* **Work instructions**
Starting from the line with "Cross Streets: YONGE" and going up to and including the line with "The Allett Kensington", copy the listing below exactly. Leave all images out.

=== Begin Enclosure ===

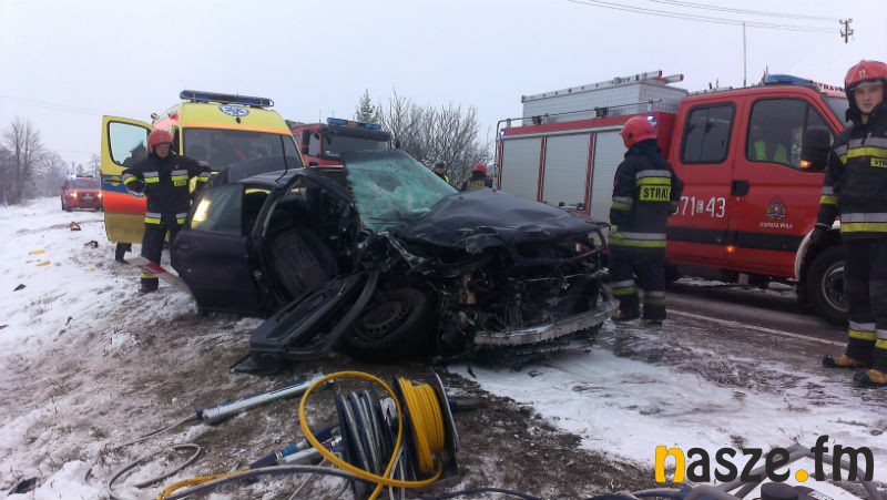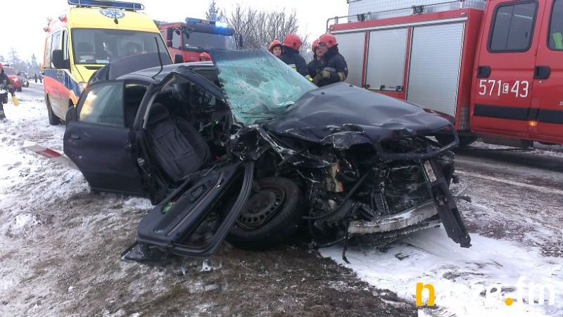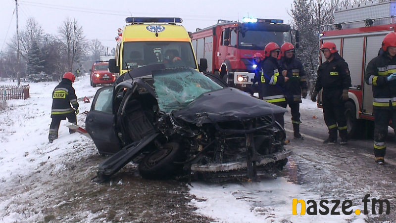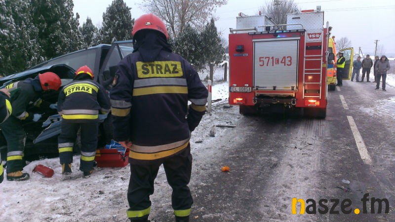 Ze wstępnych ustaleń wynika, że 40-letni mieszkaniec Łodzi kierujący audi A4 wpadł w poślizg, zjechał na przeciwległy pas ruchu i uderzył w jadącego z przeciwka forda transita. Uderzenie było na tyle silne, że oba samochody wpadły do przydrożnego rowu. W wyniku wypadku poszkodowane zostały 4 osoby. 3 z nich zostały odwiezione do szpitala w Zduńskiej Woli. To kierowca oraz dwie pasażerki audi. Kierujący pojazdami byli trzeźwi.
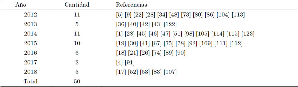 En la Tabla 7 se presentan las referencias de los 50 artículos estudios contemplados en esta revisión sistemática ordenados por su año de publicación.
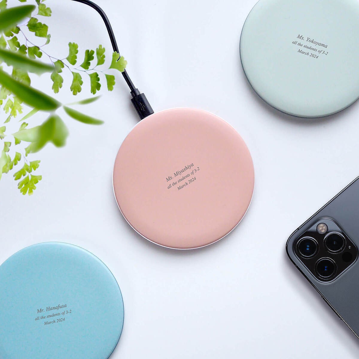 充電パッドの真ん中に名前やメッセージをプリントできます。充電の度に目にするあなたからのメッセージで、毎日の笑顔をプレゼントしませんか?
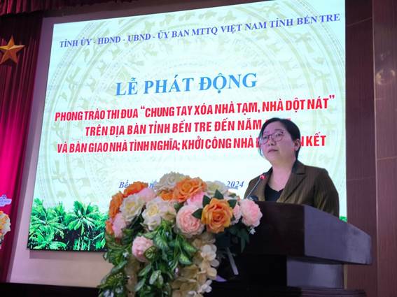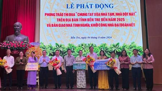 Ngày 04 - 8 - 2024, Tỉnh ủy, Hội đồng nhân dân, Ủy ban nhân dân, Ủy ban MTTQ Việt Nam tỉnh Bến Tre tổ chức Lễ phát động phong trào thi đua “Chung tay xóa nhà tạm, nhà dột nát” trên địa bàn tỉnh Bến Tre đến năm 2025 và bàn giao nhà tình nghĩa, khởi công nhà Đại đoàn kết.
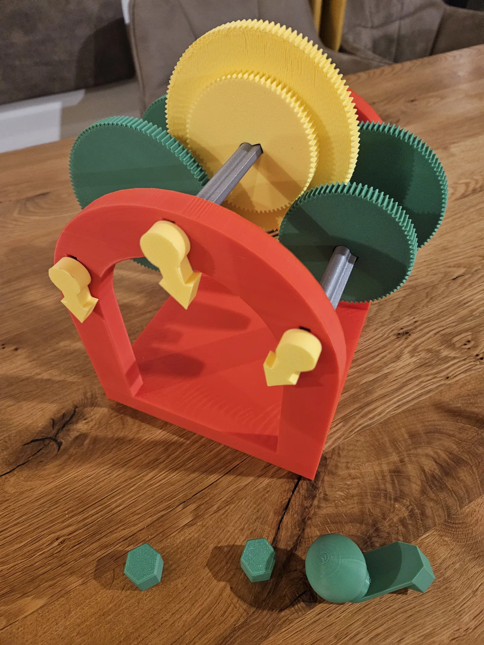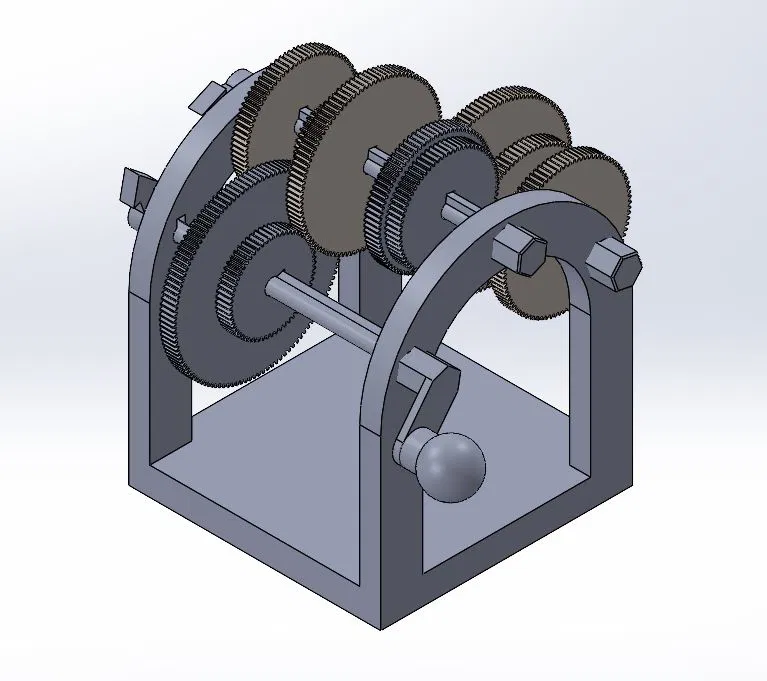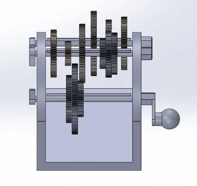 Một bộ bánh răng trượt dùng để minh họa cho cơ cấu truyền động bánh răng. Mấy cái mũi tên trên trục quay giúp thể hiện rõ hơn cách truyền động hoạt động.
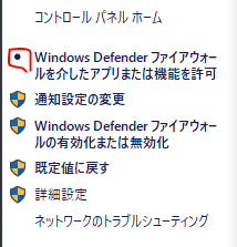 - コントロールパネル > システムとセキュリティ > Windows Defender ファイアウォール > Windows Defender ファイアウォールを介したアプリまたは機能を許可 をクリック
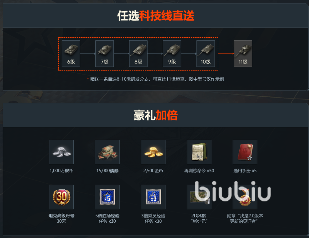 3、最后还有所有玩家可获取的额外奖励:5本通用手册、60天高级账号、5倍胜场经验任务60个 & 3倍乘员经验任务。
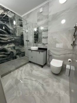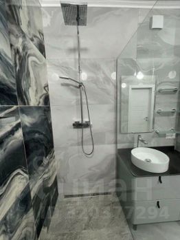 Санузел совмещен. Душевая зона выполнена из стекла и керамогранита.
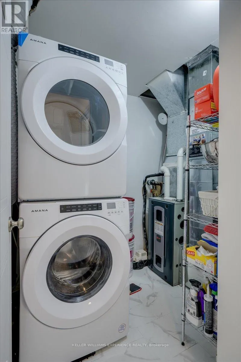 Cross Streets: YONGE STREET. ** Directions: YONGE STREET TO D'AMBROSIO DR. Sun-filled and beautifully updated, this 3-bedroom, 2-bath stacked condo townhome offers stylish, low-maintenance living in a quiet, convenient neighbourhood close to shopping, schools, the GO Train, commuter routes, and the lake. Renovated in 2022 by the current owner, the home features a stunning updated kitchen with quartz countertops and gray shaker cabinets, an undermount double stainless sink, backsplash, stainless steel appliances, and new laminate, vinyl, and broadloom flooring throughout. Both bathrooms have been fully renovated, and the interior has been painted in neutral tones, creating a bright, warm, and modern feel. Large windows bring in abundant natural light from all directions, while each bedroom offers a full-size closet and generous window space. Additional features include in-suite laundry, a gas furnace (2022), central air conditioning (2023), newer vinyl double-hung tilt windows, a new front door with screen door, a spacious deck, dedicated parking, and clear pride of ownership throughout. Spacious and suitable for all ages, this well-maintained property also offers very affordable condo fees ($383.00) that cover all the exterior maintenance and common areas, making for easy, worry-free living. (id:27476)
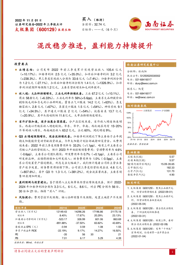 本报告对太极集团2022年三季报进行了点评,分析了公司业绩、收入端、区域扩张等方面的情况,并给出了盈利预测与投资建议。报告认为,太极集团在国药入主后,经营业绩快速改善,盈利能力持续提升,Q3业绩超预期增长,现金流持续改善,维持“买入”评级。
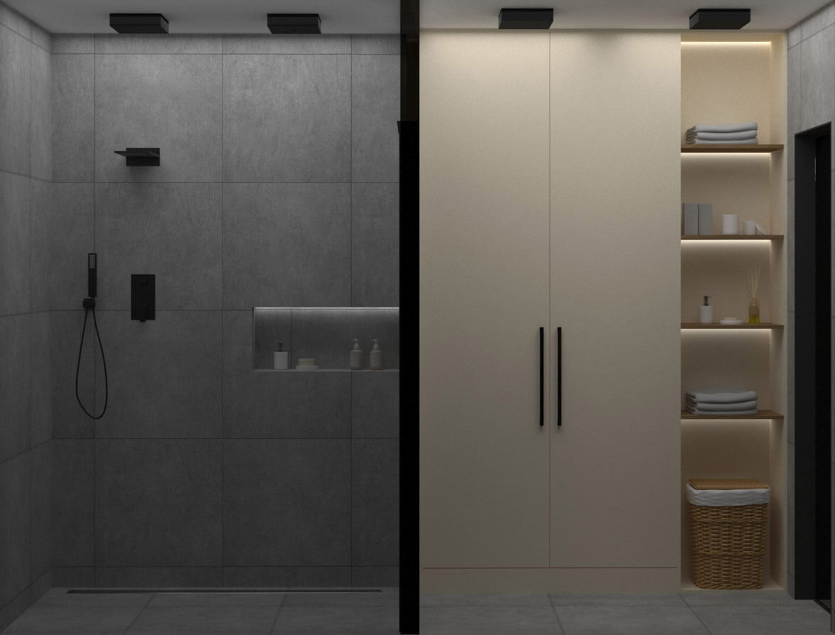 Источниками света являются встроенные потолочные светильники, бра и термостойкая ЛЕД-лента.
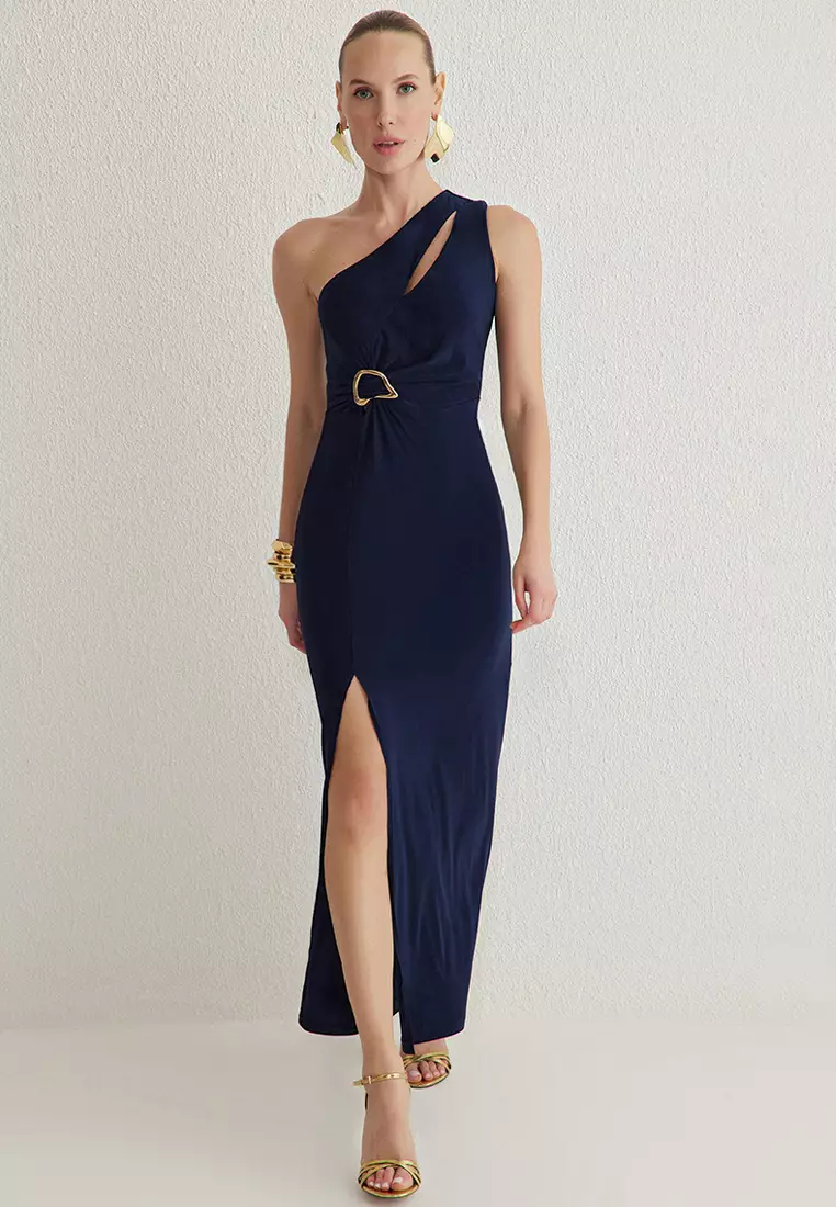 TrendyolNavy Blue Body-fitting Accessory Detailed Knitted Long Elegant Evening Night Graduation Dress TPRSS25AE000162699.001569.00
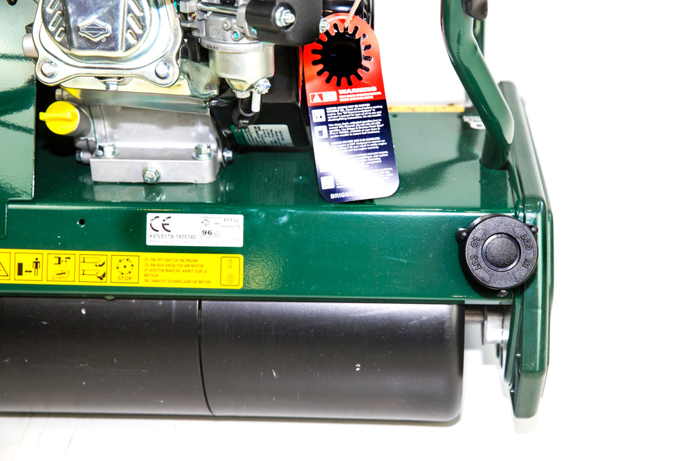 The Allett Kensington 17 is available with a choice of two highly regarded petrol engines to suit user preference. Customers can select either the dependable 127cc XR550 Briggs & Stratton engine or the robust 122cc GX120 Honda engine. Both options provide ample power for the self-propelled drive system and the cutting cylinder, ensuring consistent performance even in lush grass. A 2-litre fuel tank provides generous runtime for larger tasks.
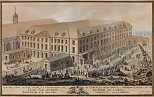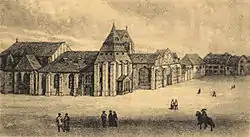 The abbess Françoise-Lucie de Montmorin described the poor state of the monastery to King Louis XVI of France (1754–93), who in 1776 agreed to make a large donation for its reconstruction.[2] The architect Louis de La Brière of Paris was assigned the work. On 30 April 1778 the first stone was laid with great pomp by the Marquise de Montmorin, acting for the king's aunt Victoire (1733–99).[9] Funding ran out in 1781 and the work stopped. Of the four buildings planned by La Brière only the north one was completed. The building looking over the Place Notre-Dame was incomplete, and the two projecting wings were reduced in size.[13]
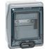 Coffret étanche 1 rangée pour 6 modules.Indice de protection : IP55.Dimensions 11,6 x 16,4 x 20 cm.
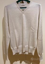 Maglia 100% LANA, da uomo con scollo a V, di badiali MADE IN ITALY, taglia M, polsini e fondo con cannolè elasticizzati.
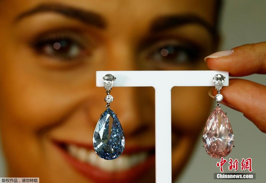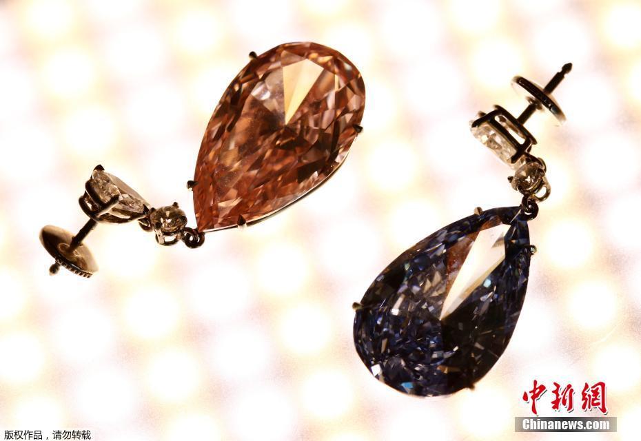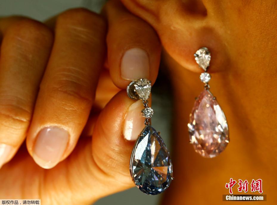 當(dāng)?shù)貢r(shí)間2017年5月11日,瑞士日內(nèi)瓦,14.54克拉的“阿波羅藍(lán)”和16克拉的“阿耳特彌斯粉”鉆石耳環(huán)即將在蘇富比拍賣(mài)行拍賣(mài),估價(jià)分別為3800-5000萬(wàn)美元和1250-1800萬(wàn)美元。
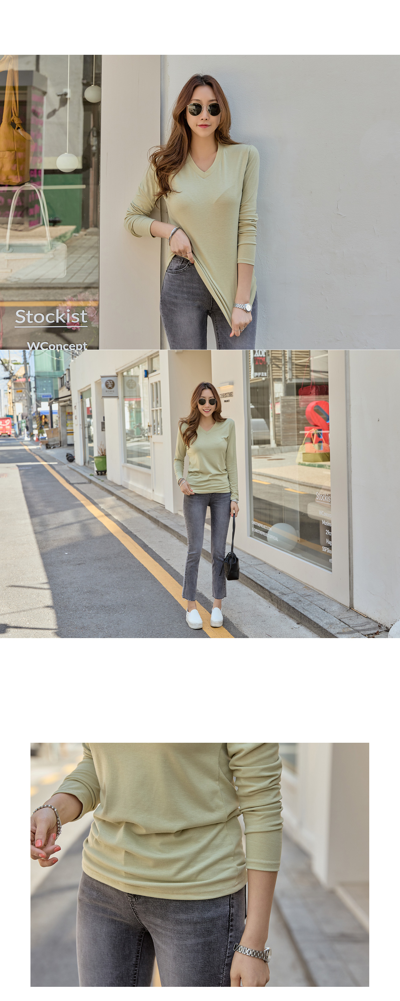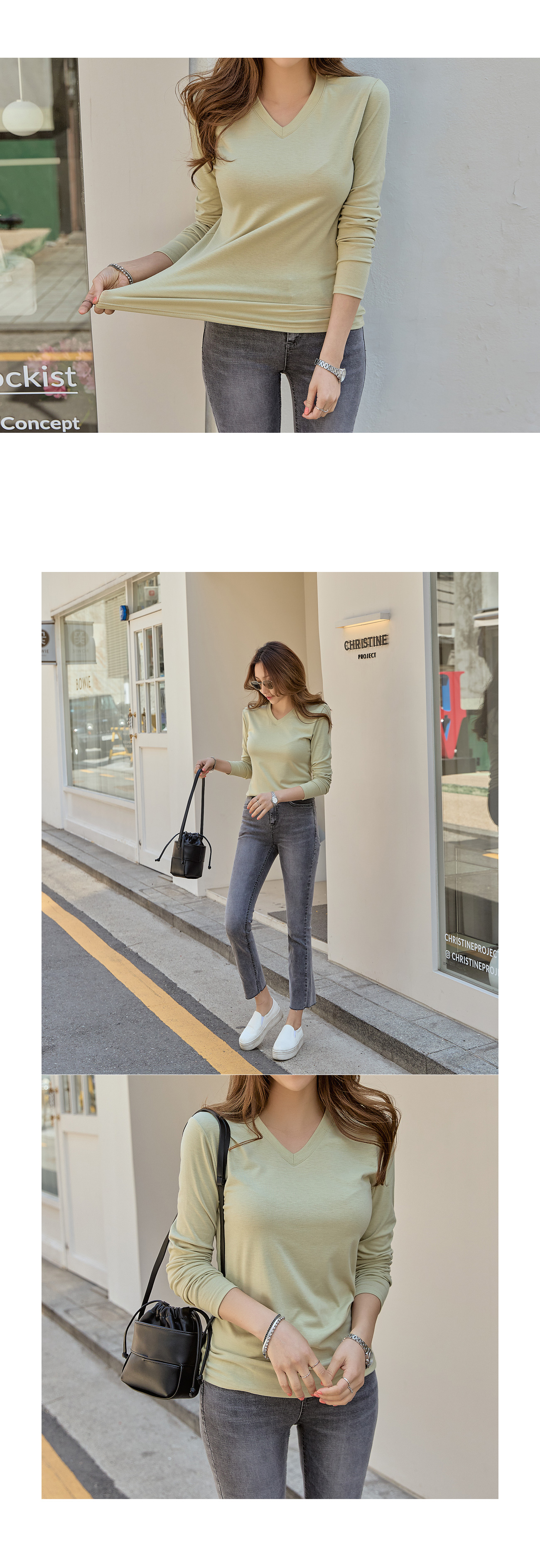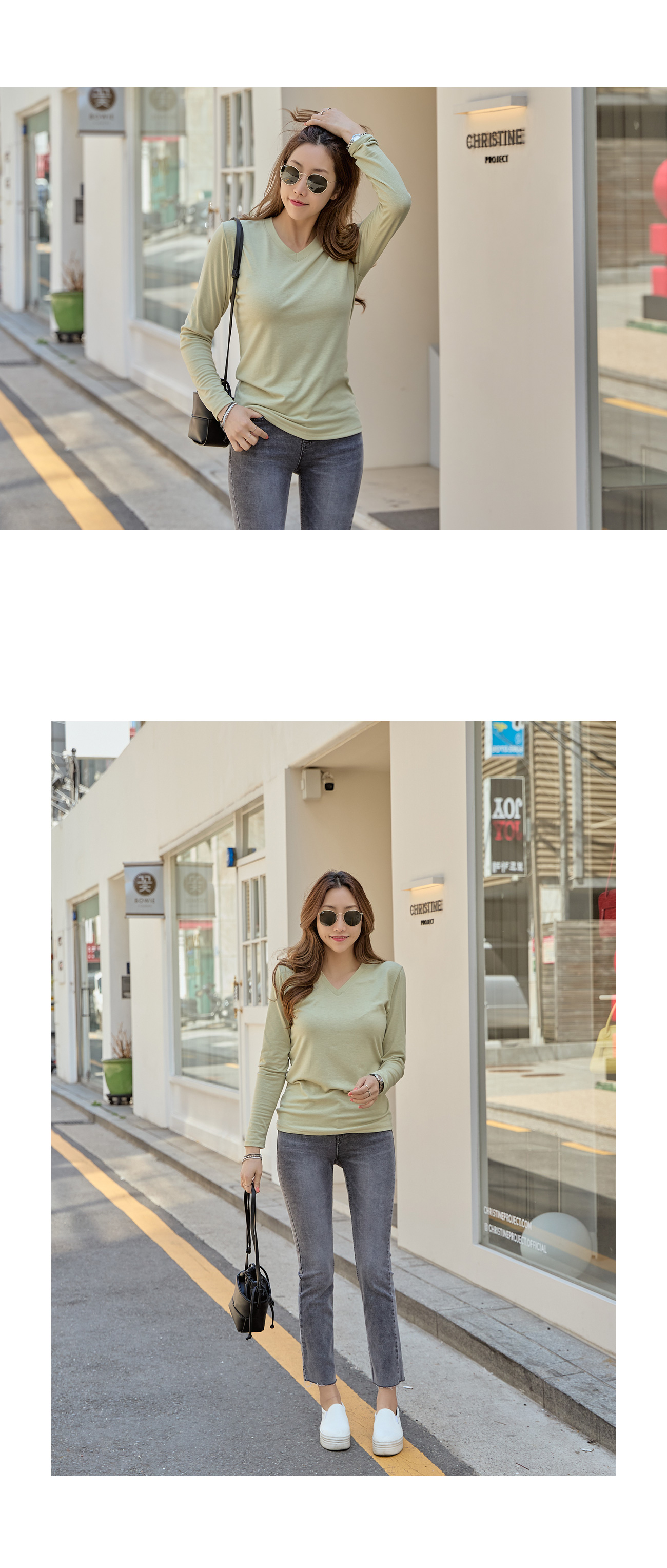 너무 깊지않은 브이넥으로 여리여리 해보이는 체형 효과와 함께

=== End Enclosure ===

* **Expected output**
 Cross Streets: YONGE STREET. ** Directions: YONGE STREET TO D'AMBROSIO DR. Sun-filled and beautifully updated, this 3-bedroom, 2-bath stacked condo townhome offers stylish, low-maintenance living in a quiet, convenient neighbourhood close to shopping, schools, the GO Train, commuter routes, and the lake. Renovated in 2022 by the current owner, the home features a stunning updated kitchen with quartz countertops and gray shaker cabinets, an undermount double stainless sink, backsplash, stainless steel appliances, and new laminate, vinyl, and broadloom flooring throughout. Both bathrooms have been fully renovated, and the interior has been painted in neutral tones, creating a bright, warm, and modern feel. Large windows bring in abundant natural light from all directions, while each bedroom offers a full-size closet and generous window space. Additional features include in-suite laundry, a gas furnace (2022), central air conditioning (2023), newer vinyl double-hung tilt windows, a new front door with screen door, a spacious deck, dedicated parking, and clear pride of ownership throughout. Spacious and suitable for all ages, this well-maintained property also offers very affordable condo fees ($383.00) that cover all the exterior maintenance and common areas, making for easy, worry-free living. (id:27476)
 本报告对太极集团2022年三季报进行了点评,分析了公司业绩、收入端、区域扩张等方面的情况,并给出了盈利预测与投资建议。报告认为,太极集团在国药入主后,经营业绩快速改善,盈利能力持续提升,Q3业绩超预期增长,现金流持续改善,维持“买入”评级。
 Источниками света являются встроенные потолочные светильники, бра и термостойкая ЛЕД-лента.
 TrendyolNavy Blue Body-fitting Accessory Detailed Knitted Long Elegant Evening Night Graduation Dress TPRSS25AE000162699.001569.00
 The Allett Kensington 17 is available with a choice of two highly regarded petrol engines to suit user preference. Customers can select either the dependable 127cc XR550 Briggs & Stratton engine or the robust 122cc GX120 Honda engine. Both options provide ample power for the self-propelled drive system and the cutting cylinder, ensuring consistent performance even in lush grass. A 2-litre fuel tank provides generous runtime for larger tasks.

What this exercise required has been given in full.